What you should do:
Only one span of the material below is wanted. Output it exactly, from the line with "Brinco Fio Turmalina Rosa Dourado" through the line with "いつも子どもたちの登下校時の", without any pictures.

Entries provided:
----------------------------------------

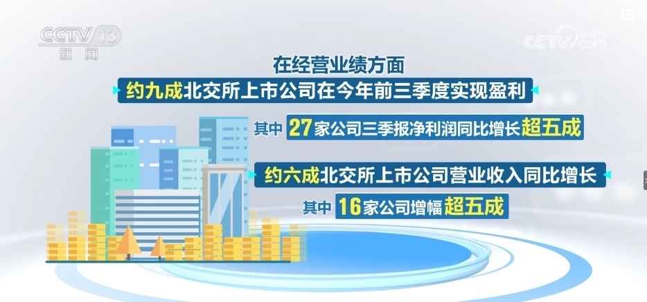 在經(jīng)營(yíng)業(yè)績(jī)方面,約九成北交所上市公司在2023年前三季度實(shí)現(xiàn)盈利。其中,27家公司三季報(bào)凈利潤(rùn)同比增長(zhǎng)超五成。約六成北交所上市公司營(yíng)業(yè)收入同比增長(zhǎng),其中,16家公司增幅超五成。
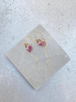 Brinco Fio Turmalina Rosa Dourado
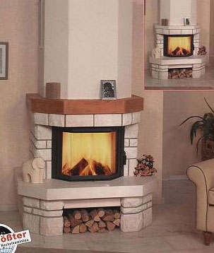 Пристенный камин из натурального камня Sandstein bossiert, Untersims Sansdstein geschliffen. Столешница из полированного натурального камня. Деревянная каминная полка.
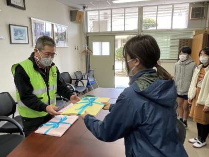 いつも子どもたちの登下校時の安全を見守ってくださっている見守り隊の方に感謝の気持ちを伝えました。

----------------------------------------

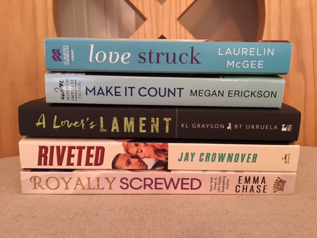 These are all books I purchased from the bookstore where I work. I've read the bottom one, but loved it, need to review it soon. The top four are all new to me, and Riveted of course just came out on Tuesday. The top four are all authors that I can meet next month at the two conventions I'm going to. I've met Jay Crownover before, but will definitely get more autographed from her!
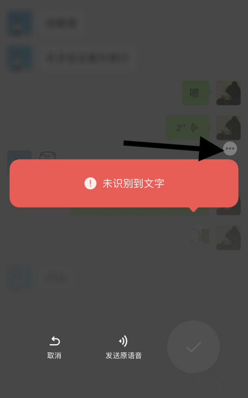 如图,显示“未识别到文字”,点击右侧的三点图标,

----------------------------------------

Reply:
 Brinco Fio Turmalina Rosa Dourado
 Пристенный камин из натурального камня Sandstein bossiert, Untersims Sansdstein geschliffen. Столешница из полированного натурального камня. Деревянная каминная полка.
 いつも子どもたちの登下校時の安全を見守ってくださっている見守り隊の方に感謝の気持ちを伝えました。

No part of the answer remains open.